Despereaux

Ninety-nine percent of the time, I’m a fool for an animated feature film. Cars, Wall*E, Bolt. Monsters, Inc, the Shreks, the Toy Storys. Flushed Away, Ratatouillie. Anxiously awaiting Aliens vs. Monsters. Have never quite gotten all the way over the brilliance of Hoodwinked. So, yeah, was expecting The Tale of Despereaux to be another sure thing. I mean, just look at the starpower: Sigourney Weaver, Dustin Hoffman, Matthew Broderick, Tracy Ullman, Emma Watson. Even Kevin Kline. This is more talent than the Princess Mononoke dub, maybe.

However.

Not to say anything negative about the animation, it’s maybe the best I’ve seen, and all those actors on voice, they’re of course doing everything perfect. Early on, though, you can tell something’s wrong — usually animated movies have their stories gone over a lot more thoroughly. In Despereaux, the catalyst — [spoilers abound] that pirate-rat falling into the soup — it doesn’t even feed into the title character’s development arc. That seems kind of unforgivable. And then, this being a children’s movie and all (yes?), there’s just a conglomeration of narrative levels (denoted by animation), flashback, and subplot that finally only serve to diffuse any narrative impetus that catalyst is supposed to have given us. Granted, there’s reconciliation, there’s redemption, there’s surprise, there’s touches of humor and the necessary action sequences, there’s cuteness, but finally, maybe halfway into it, you realize, like I did, that you’re watching a novel pasted up onto the screen, not something originally conceptualized as a movie. Which is to say Despereaux‘s making that big mistake you don’t see so much in anymore, at the very market-driven box-office: staying too loyal to the source material. Which, judging by what’s on screen, is likely very excellent. The Tale of Despereaux would seem to be an excellent novel. As a movie, though, it fails, even with Sigourney Weaver as our voiced-over Deckard, trying to keep the story on-track.

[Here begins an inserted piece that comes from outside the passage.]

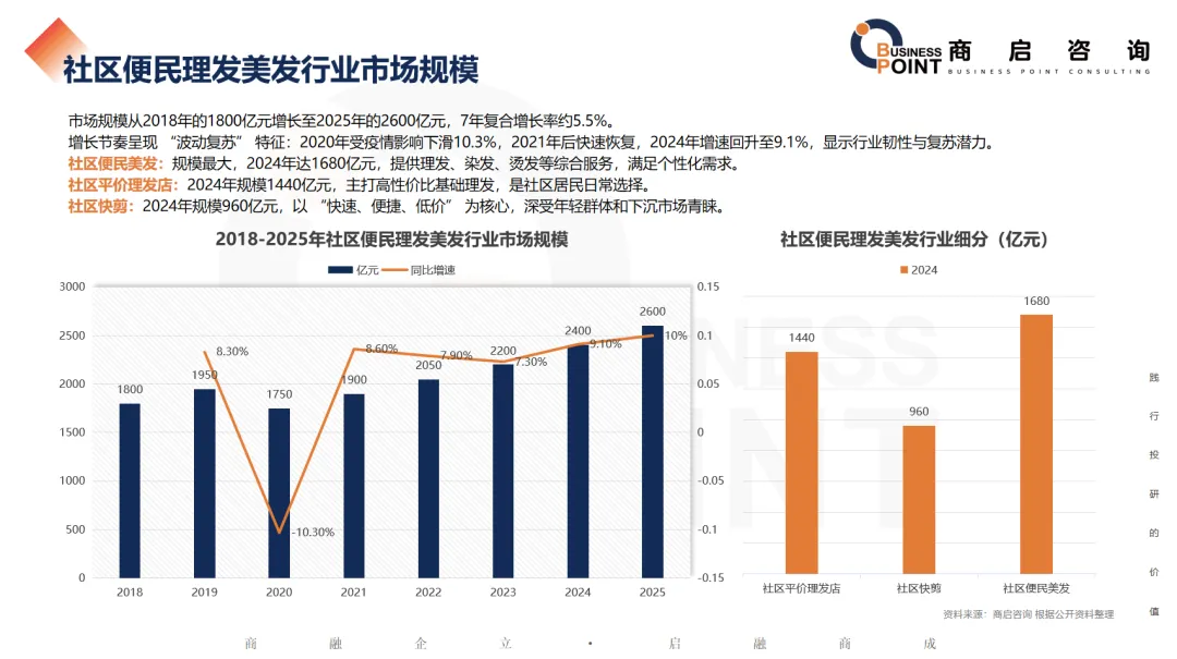 社区平价理发店:2024年规模1440亿元,主打高性价比基础理发,是社区居民日常选择。

As to how to fix it, in some perfect world? I’d say we need a lot straighter line drawn between the good and the bad here. As-is, the person in the Cruella De Vil roll is the King, who’s so suffering from grief that the ‘bad thing’ he does is instantly excused away, kind of making the rest of the quest just the usual paces (nevermind that the king never ‘learns his lesson’). And the princess in her tower, she doesn’t even have a love interest, does she? I mean, unless you count Despereaux the mouse, but not only is he a mouse, but he’s a good deal younger than her too. I don’t know. We don’t ever even get the pirate-rat who started all this teaming up with Despereaux to, against every single odd, save this kingdom. And, by ‘save,’ I mean, return them to their soup. Which I think kind of goes hand-in-hand with the the bad guy not being bad enough: soup’s that vital? It’s not a dragon raining down fire in the streets, anyway. But, I guess soup or the lack therof’s in keeping with the very low-key, muted approach in Despereaux, where everything turns on human nature, on understandable responses (which plays wonderfully, say, in a Kieslowski film), on unintended consquences, rather than the loud flashy easy-to-get stuff we’re used to from our animated fare.

Is this the animated movie growing up, though, trying to inhabit, in some American way, the Miyazaki landscape? I don’t think so, no. I think it’s just a broken movie, which, judging by how uncrowded the theatre was when I saw it, the audience is kind of cued into as well.

And, as for the Neo-meets-Dumbo ending, I honestly can’t even guess. The title character trying to fly into some other movie? Kind of wished I’d just gone to the gumball shower silliness of Bedtime Stories, really.

But there’s always Aliens vs. Monsters somewhere in the future, here. A premise like that, I don’t know how it can go wrong.